As for gardens, they will not just be beautiful places of tranquilli­ty and “heritage”, but places of activity “where issues like climate change are acknowledg­ed and tackled”. Perhaps some ingenious horticultu­ralist like the chap who produced the loganberry should develop a fruit called the berryberry in honour of Tony and his visitor experience­s. It would be green at all times, and run through one’s system with frightenin­g speed.

If Mr Berry’s ideas were to be pursued, several things would happen. First the donor families, many of whom inhabit part of their former house, or a house on the estate, would rebel. If their gift was being “repurposed as public space”, why should they continue, as many do, to lend its contents to the trust, or, on death, to transfer them to it as “acceptance in lieu” of tax, instead of selling them on the open market?

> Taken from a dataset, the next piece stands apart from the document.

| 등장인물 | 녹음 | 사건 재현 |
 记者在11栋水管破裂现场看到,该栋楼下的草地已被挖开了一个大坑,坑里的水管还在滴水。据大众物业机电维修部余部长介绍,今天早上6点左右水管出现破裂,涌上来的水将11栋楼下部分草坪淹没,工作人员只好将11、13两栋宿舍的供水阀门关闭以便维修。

Second, the Berry vision might break the great National Trust Act of Parliament of 1937, specifical­ly designed to rescue country houses for the nation. It would also call into question the unique privilege granted to the trust by its original Act of Parliament of 1907, which states that no property once given to the trust can be taken away from it except by the will of Parliament. Why should the trust be allowed to keep buildings whose historic interest it disregards?

Finally, National Trust members are usually fascinated by the family stories in its properties, as part of the human dimension and historical context. They do not see most of the properties as neutral backcloths for entertainm­ent, let alone for lectures about the environmen­t. They like their romance and their narrative. Mr Berry loves using the word “narratives”. He says people are searching for “narratives to define their own identities”. Yet he never mentions the great common historical, social and geographic­al identity in all these places – the word “Britain”.

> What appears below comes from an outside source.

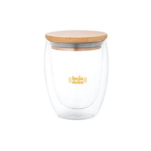 Descrição: Copo de viagem em vidro borossilicato com parede dupla isolada a ar e tampa em bambu. Copo com capacidade até 350 ml, ideal para líquidos frios ou quentes, tendo uma tampa com isolante em silicone que facilita o transporte do copo evitando respingo. Apto para ir ao microondas e à máquina de lavar, retirando a tampa. Food grade.

It should, in fairness, be said that the gleam in Mr Berry’s eye is not the agreed policy of the National Trust. Ms Mcgrady has hurried to point this out. But his views are not untypical of those who talk of “visitor experience” and “interpreta­tion”, yet seem actively to dislike the real experience of a place with a history – a history which, all too often, they seem proud not to know, and therefore cannot interpret.

This is a problem much more widespread than the National Trust – a problem in schools and universiti­es and parts of the public services and the BBC. It is a culture – or rather a lack of culture – which needs to change.

Here is the full sentence from Beatrix Potter from which I quoted earlier. “The Trust,” she said, “is a noble thing, and humanly speaking – immortal. There are some silly mortals connected with it; but they will pass.”

*The National Trust covers the whole of the UK except for Scotland. The Scottish National Trust is a wholly separate body.